START Records for this task

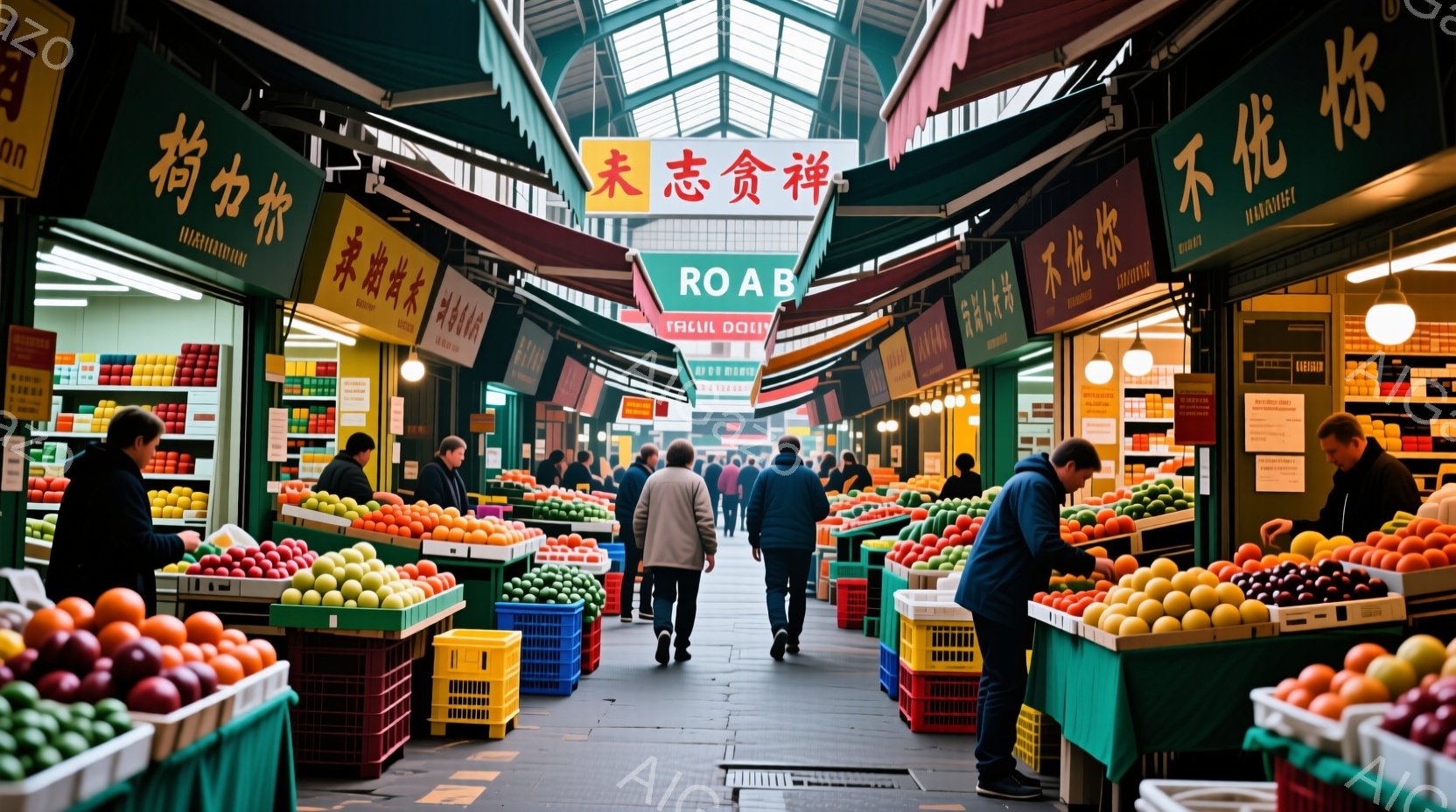 市場の通路は、様々な色の新鮮な果物や野菜で賑わっている。人々はカジュアルな服装で歩き回り、買い物や見物を楽しんでいるようで、穏やかで活気のある雰囲気が漂う。天井が高く、明るい光が差し込み、市場全体が開放的で魅力的な空間となっている。
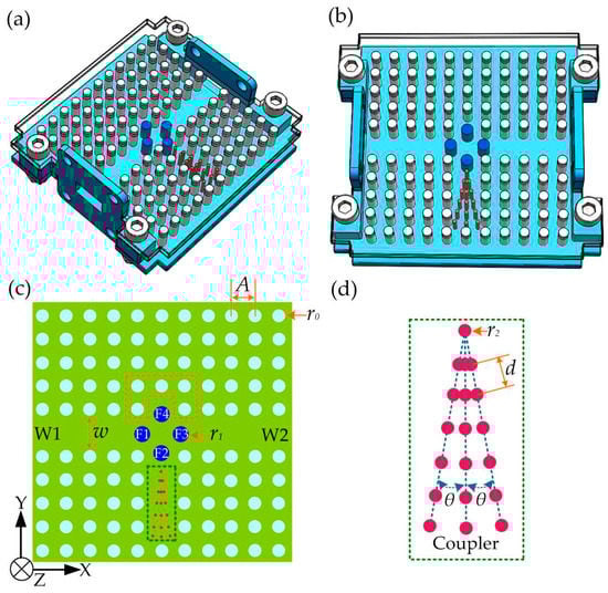 The third arm of the PCW is closed, in which a fan-shaped PC array structure is introduced, which is also formed by Al2O3 ceramic rods with radius r2. The area of the fan-shaped PCs is determined by the angle θ and the distance d of the two rods, as shown in Figure 1d. The fan-shaped coupler is exactly located in the middle of the lower arm of the T-shaped PCW. The total length of the fan-shaped coupler is 6 mm with d = 0.5A, where A is assumed 4 mm long. At the center of the PCW, four ferrite posts (blue) with the radius r1 and relative dielectric constant 13.5 are introduced, which are marked F1, F2, F3 and F4.
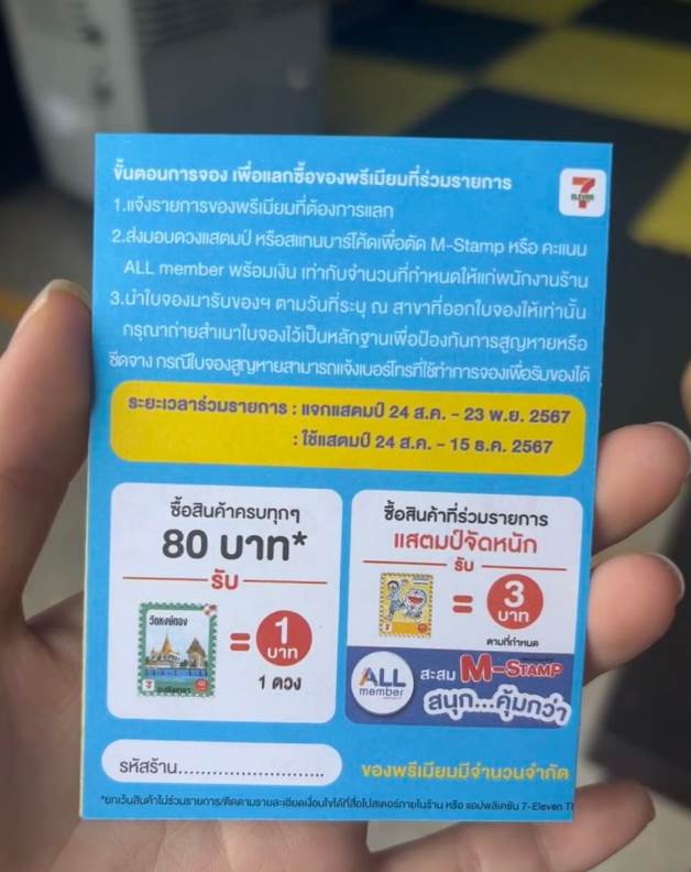 在接下来的几个月里,凡是到泰国7-Eleven购买商品的顾客,如果每次消费超过80泰铢,就会得到一张价值1泰铢的邮票。
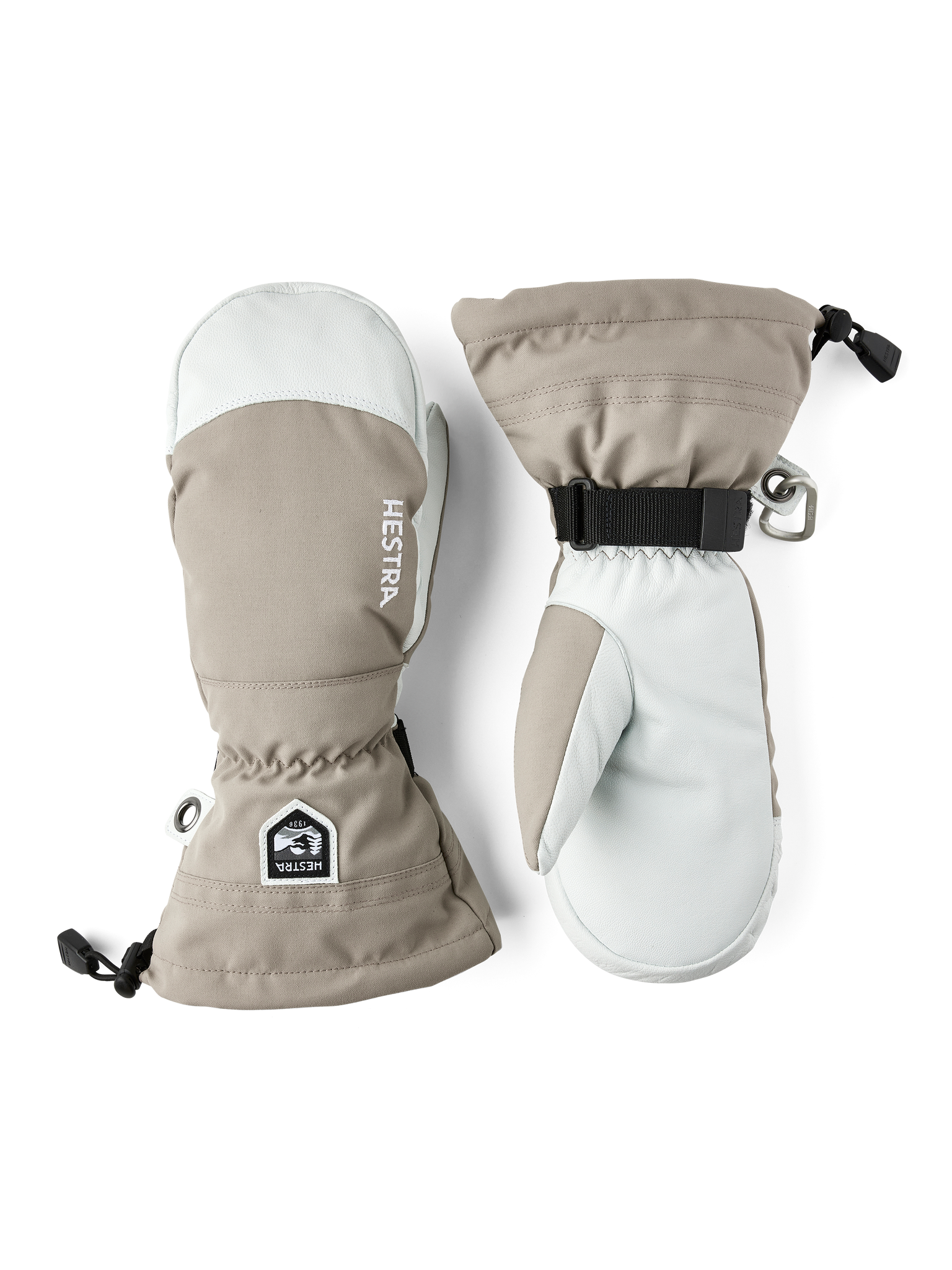 Hestra's Army Leather Heli Ski was originally created for ski guides in western Canada who needed a reliable and warm ski glove for long, cold days in the snow. This women's mitten has a narrower cut to fit women's narrower hands. Like all mitten versions, it provides plenty of space for the fingers, making it warmer than the equivalent glove. The outer glove is sewn in a hardwearing, weather-resistant combination of goatskin leather and 3-layer polyamide fabric. A range of smart functions come in handy when you can't head indoors to warm up that often. For example, the liner is easy to remove and dry, or replace with a thinner inner glove when you're being more active and hiking uphill. In powder snow, the long cuff with snowlock and wrist adjustment keep the snow on the outside and the warmth on the inside. A wrist strap reduces the risk of dropping a glove if you take it off to adjust your equipment or use your phone. And the included carabiner means you can hang the glove up with its opening facing downwards – practical while you're wearing just a thinner liner and want to avoid your gloves filling up with snow. A durable, flexible companion for skiers that spend a lot of time outdoors and who often find themselves far from the ski resort and its comforts. Also available in 3-finger and 5-finger models.
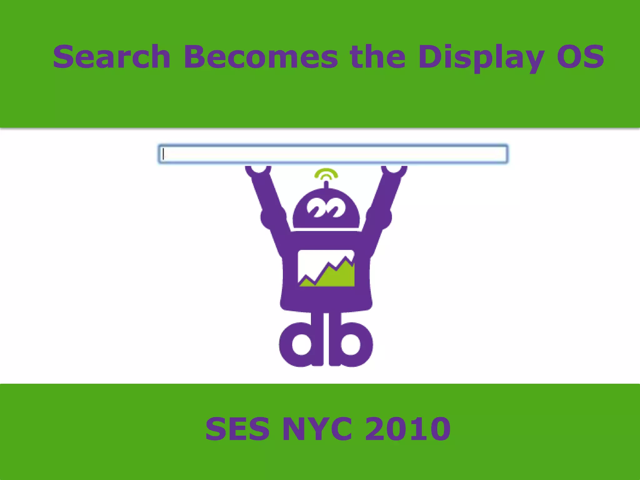 The document discusses how search is becoming the operating system for display advertising. It argues that lessons from search, like relevance and intent, need to be applied to display for it to be effective. Specifically, it says display needs to shift from bulk impressions to an approach focused on segmentation, targeted creative, automated buying, and ongoing optimization of campaigns based on data. The goal is for display to evolve from the current "golden shower" approach to a new "golden triangle" model based on search advertising techniques.

END Records for this task

● Task details
Would you copy out, exactly and with no pictures, only the lines above from the one that contains "The third arm" through the one that contains "在接下来的几个月里,凡是到泰"?

● Expected output
 The third arm of the PCW is closed, in which a fan-shaped PC array structure is introduced, which is also formed by Al2O3 ceramic rods with radius r2. The area of the fan-shaped PCs is determined by the angle θ and the distance d of the two rods, as shown in Figure 1d. The fan-shaped coupler is exactly located in the middle of the lower arm of the T-shaped PCW. The total length of the fan-shaped coupler is 6 mm with d = 0.5A, where A is assumed 4 mm long. At the center of the PCW, four ferrite posts (blue) with the radius r1 and relative dielectric constant 13.5 are introduced, which are marked F1, F2, F3 and F4.
 在接下来的几个月里,凡是到泰国7-Eleven购买商品的顾客,如果每次消费超过80泰铢,就会得到一张价值1泰铢的邮票。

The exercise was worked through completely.